• EXTRACTED DATA

=== Section Start ===

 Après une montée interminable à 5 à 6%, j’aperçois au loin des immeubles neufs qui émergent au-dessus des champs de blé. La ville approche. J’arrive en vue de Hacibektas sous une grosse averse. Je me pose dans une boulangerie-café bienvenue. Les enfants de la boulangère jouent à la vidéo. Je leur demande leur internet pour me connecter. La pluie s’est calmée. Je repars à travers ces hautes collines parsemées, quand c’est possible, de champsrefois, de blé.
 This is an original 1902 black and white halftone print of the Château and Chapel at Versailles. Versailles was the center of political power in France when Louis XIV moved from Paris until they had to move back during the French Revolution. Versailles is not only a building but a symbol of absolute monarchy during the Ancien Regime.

=== Section End ===
=== Section Start ===

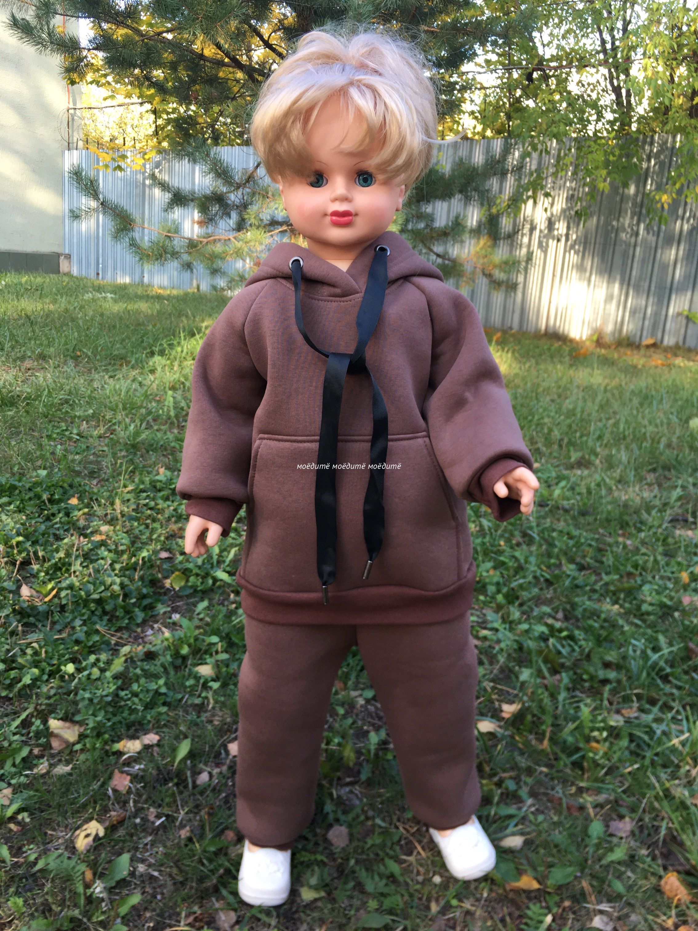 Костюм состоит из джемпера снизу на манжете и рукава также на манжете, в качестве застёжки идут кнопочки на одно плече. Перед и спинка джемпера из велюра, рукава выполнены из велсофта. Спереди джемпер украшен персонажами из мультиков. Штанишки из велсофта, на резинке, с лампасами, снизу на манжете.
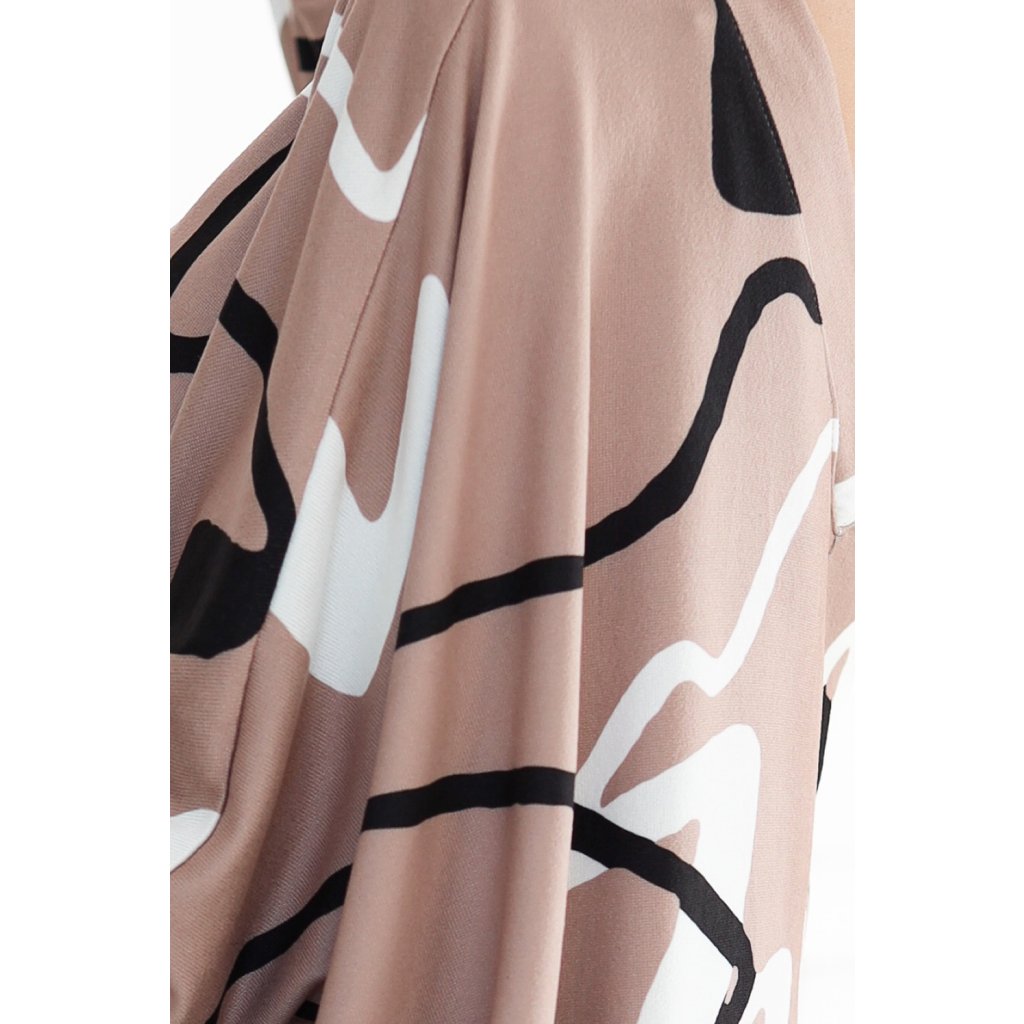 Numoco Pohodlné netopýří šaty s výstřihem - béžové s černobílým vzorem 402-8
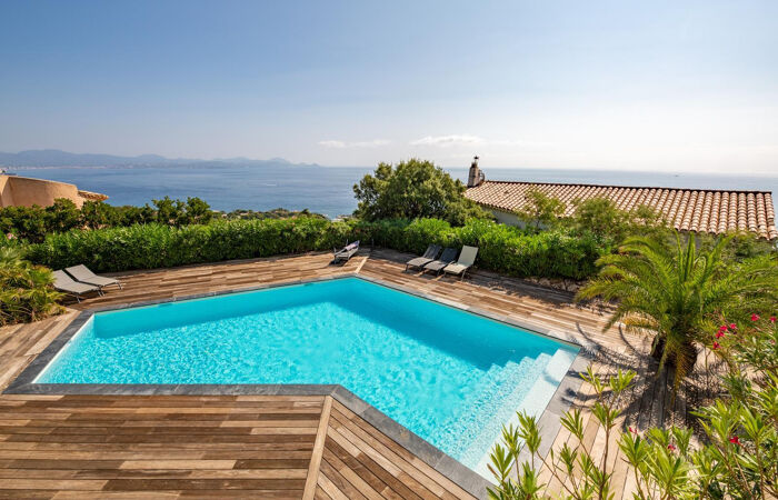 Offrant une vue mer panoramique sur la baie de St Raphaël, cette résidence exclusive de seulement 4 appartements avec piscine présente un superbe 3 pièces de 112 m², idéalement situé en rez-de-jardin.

=== Section End ===
=== Section Start ===

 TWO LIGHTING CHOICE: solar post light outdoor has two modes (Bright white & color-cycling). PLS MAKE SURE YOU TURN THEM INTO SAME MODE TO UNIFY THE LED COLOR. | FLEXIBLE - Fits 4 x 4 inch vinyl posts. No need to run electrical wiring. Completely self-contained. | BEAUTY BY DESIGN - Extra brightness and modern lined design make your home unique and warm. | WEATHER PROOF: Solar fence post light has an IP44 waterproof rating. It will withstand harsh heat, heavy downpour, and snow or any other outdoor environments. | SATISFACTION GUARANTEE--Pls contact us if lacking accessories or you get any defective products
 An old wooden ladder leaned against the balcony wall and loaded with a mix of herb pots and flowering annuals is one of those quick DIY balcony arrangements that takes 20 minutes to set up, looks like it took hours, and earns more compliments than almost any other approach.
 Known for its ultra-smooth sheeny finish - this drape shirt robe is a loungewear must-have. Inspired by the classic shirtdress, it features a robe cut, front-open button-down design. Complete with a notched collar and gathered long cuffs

=== Section End ===

Above are some records. Output exactly the lines from the one that contains "Костюм состоит из" to the one that contains "Offrant une vue", keeping both, and omit the pictures.

• OUTPUT OF THE TASK
 Костюм состоит из джемпера снизу на манжете и рукава также на манжете, в качестве застёжки идут кнопочки на одно плече. Перед и спинка джемпера из велюра, рукава выполнены из велсофта. Спереди джемпер украшен персонажами из мультиков. Штанишки из велсофта, на резинке, с лампасами, снизу на манжете.
 Numoco Pohodlné netopýří šaty s výstřihem - béžové s černobílým vzorem 402-8
 Offrant une vue mer panoramique sur la baie de St Raphaël, cette résidence exclusive de seulement 4 appartements avec piscine présente un superbe 3 pièces de 112 m², idéalement situé en rez-de-jardin.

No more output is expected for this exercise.